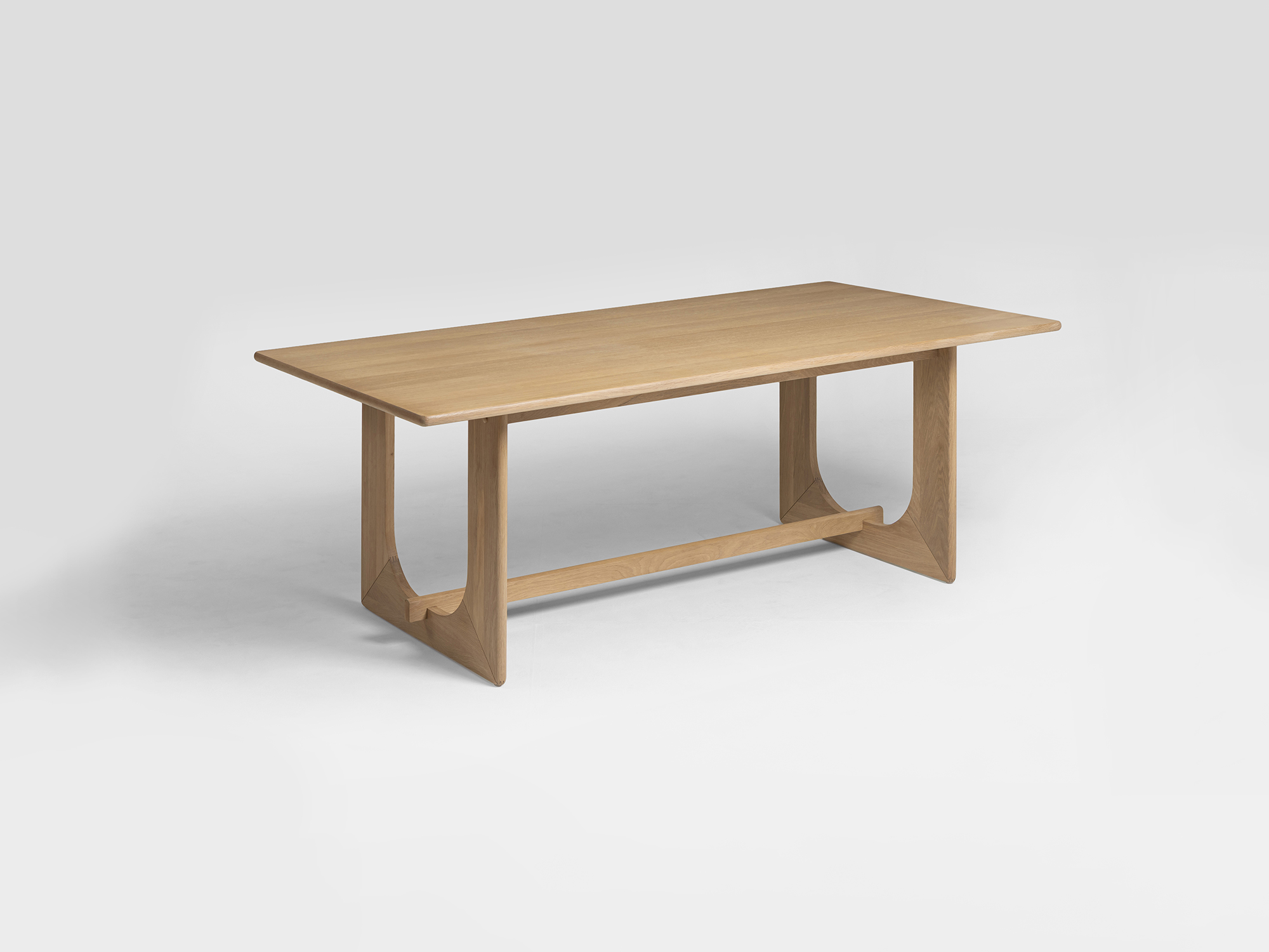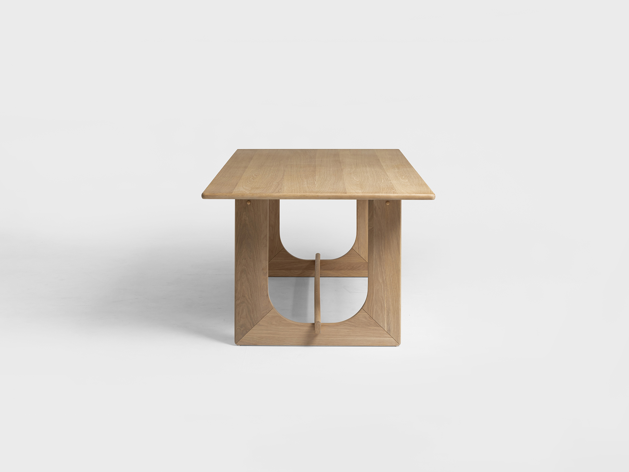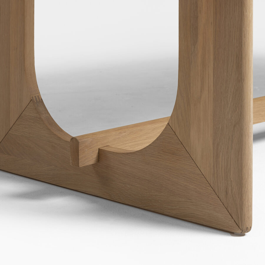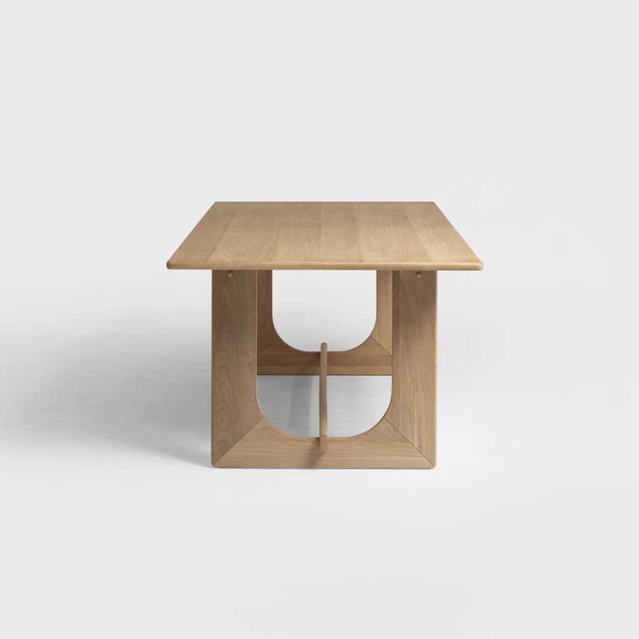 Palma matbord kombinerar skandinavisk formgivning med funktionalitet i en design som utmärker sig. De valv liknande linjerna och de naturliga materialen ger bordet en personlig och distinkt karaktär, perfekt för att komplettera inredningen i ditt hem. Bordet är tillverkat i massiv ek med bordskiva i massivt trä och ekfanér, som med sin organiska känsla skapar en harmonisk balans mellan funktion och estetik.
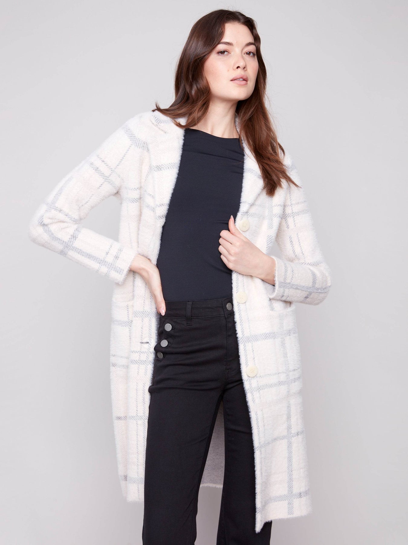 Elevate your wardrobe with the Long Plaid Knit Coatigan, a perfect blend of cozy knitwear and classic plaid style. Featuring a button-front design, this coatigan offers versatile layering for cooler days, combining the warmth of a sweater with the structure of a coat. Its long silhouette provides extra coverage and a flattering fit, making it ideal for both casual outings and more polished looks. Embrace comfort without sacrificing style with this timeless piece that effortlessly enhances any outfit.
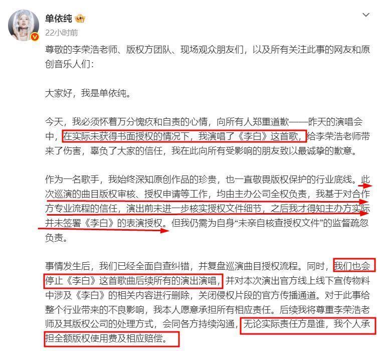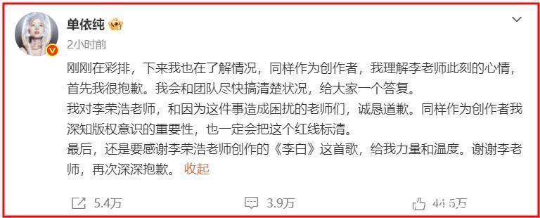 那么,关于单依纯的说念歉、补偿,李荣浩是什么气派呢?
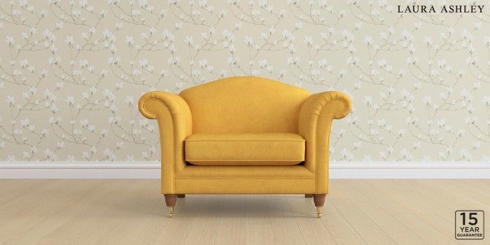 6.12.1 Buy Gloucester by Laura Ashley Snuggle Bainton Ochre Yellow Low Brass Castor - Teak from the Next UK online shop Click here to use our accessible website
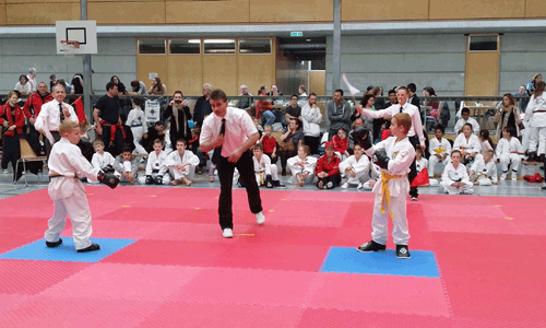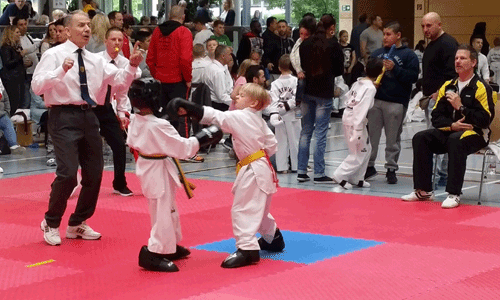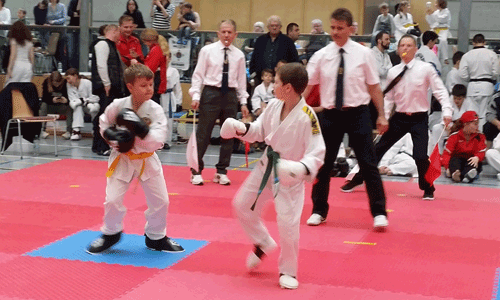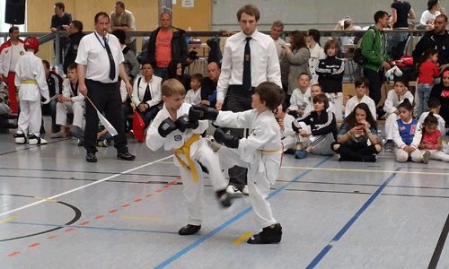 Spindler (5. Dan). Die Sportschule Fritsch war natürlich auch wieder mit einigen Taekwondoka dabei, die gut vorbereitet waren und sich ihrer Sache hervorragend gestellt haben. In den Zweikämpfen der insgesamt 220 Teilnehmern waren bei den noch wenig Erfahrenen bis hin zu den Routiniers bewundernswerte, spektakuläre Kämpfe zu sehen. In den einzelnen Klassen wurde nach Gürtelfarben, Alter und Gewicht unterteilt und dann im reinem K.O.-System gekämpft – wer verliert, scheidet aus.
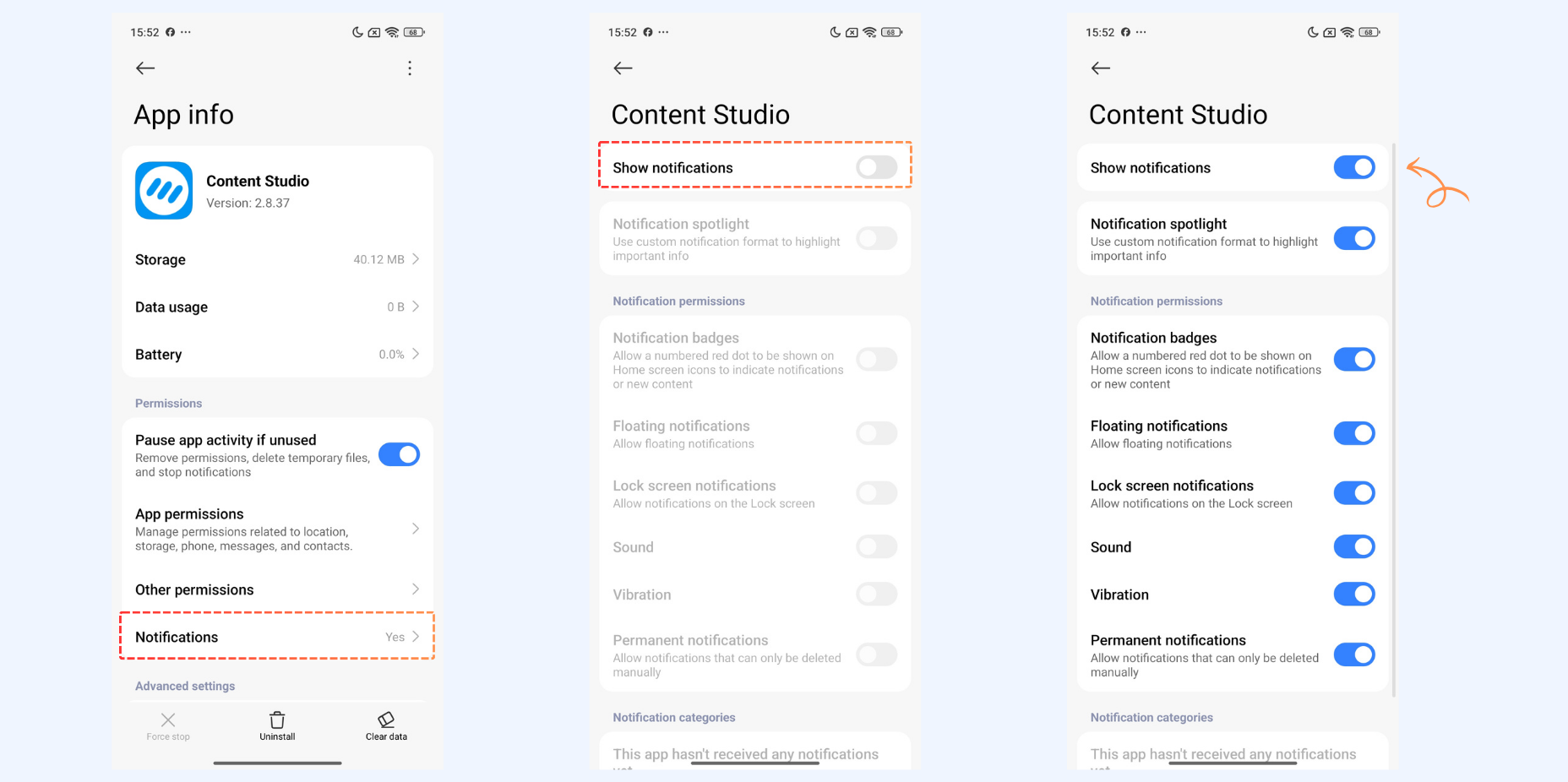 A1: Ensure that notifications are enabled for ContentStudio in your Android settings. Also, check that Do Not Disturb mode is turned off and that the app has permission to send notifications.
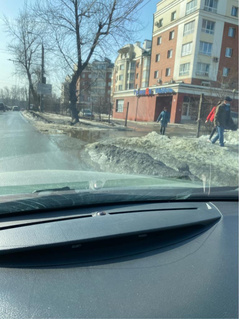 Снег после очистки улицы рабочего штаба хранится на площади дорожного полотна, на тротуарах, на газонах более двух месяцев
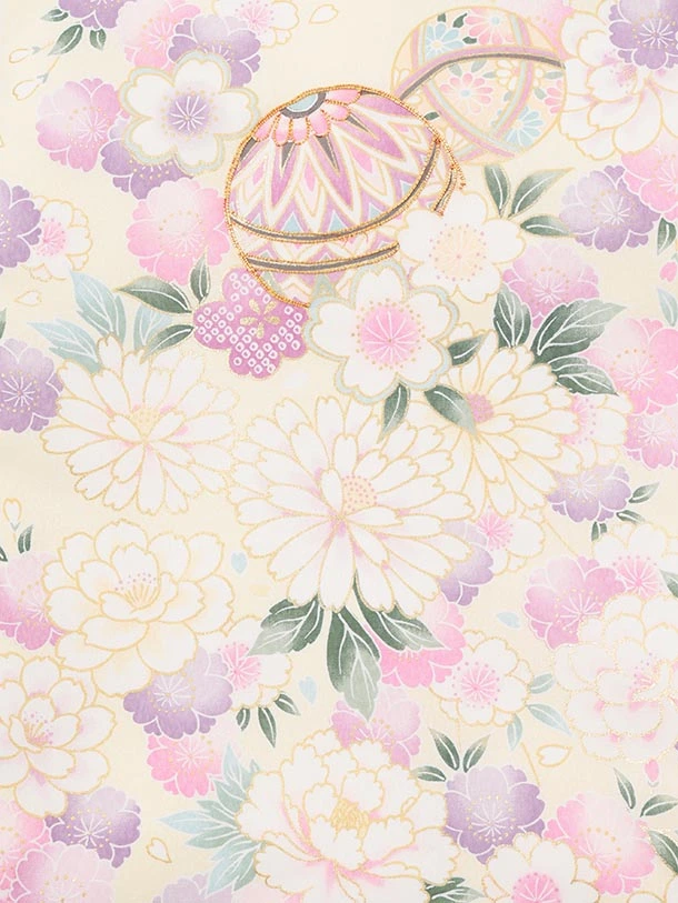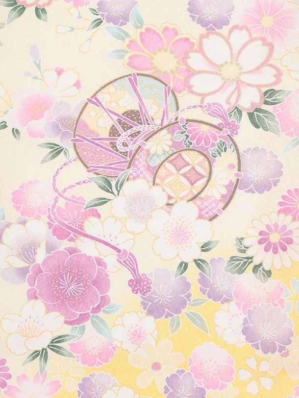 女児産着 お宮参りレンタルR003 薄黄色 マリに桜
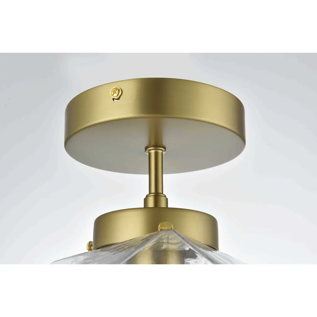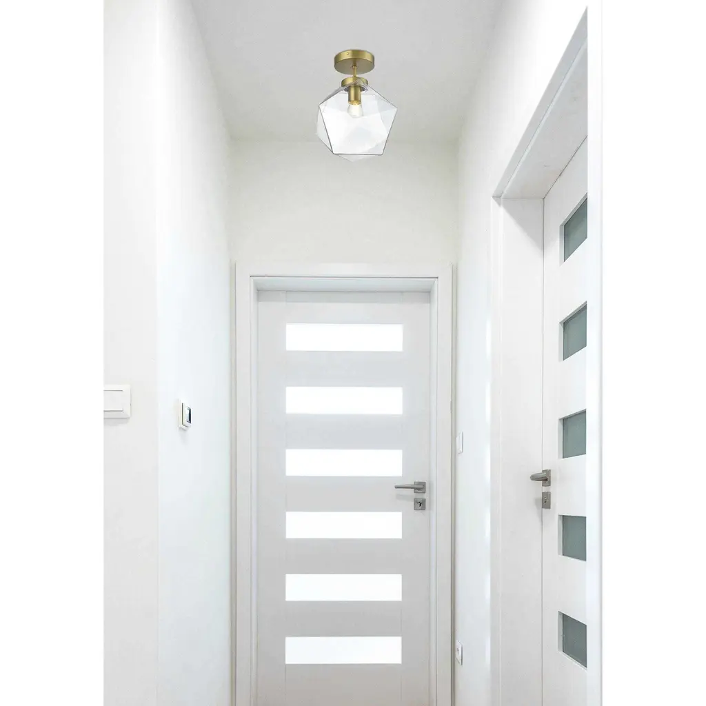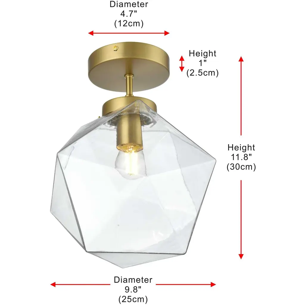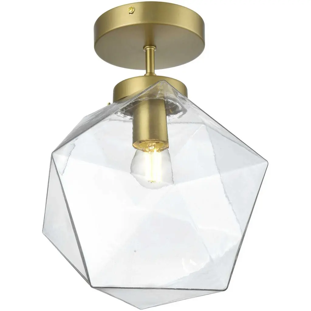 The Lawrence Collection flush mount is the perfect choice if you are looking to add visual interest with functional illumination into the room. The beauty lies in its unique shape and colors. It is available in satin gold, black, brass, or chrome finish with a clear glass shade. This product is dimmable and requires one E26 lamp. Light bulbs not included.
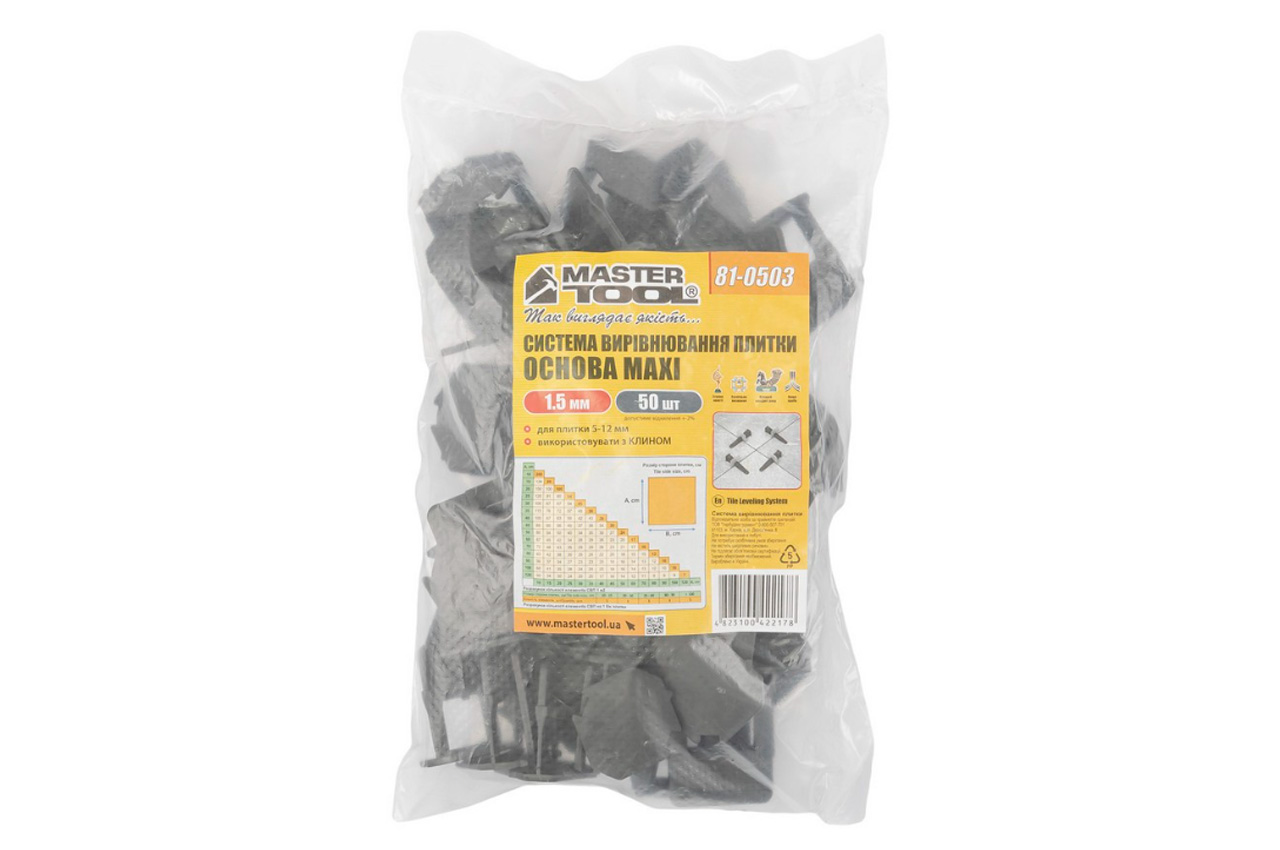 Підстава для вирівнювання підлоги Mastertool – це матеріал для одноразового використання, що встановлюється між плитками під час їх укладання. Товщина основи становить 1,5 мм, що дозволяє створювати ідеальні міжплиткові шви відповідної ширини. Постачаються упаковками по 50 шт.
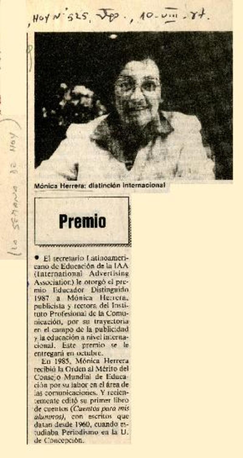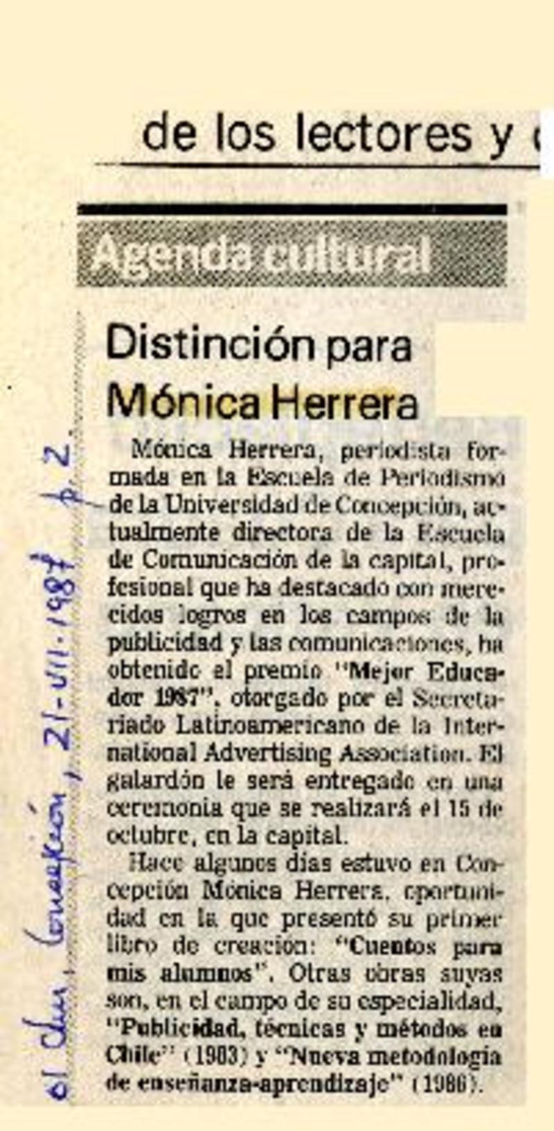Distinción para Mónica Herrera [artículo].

> **About this task**:
Using the entries above, write out exactly the lines from the one with "Снег после очистки" through the one with "女児産着 お宮参りレンタルR003 薄黄色 マリに桜", ends included. Leave out any pictures.

> **Response area**:
 Снег после очистки улицы рабочего штаба хранится на площади дорожного полотна, на тротуарах, на газонах более двух месяцев
 女児産着 お宮参りレンタルR003 薄黄色 マリに桜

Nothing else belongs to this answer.